Charles Brutton

Personal information
- Full name: Charles Phipps Brutton
- Born: 20 January 1899 Southsea, Hampshire, England
- Died: 11 May 1964 (aged 65) Ticehurst, Sussex, England
- Batting: Right-handed
- Bowling: Unknown
- Relations: Septimus Brutton (father) Ernest Brutton (uncle)

Domestic team information
- 1921–1930: Hampshire

Career statistics
| Competition | First-class |
| Matches | 82 |
| Runs scored | 2,055 |
| Batting average | 17.56 |
| 100s/50s | 1/8 |
| Top score | 119* |
| Balls bowled | 132 |
| Wickets | 0 |
| Bowling average | – |
| 5 wickets in innings | – |
| 10 wickets in match | – |
| Best bowling | – |
| Catches/stumpings | 36/– |
- Source: Cricinfo, 23 December 2009

= Charles Brutton =

English cricketer

Charles Phipps Brutton (20 January 1899 – 11 May 1964) was a soldier, Clerk of the peace, and amateur English cricketer.

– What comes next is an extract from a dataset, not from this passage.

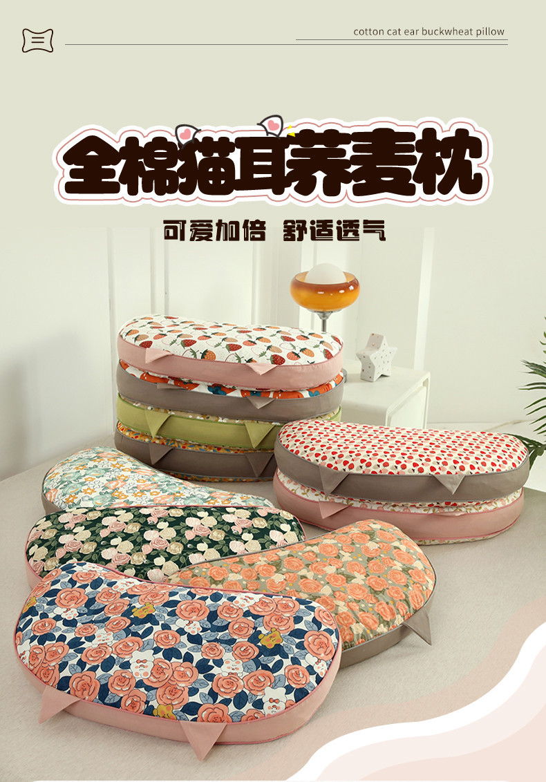 새로운 메밀 고양이 귀 베개 고양이 배 베개 풀 메밀 껍질 베개 자궁 경부 베개 떨림 라이브 폭발 도매스토어 가기

The son of the cricketer Septimus Brutton, he was born at Southsea in January 1899. He was educated at Copthorne Preparatory School and Winchester College, where he played for the cricket eleven in 1916 and 1917. Brutton served in the final two years of the First World War as a second lieutenant with the Grenadier Guards. He remained in the Grenadier Guards following the war, with promotion to lieutenant in May 1919. He relinquished his commission in April 1920, retaining the rank of lieutenant.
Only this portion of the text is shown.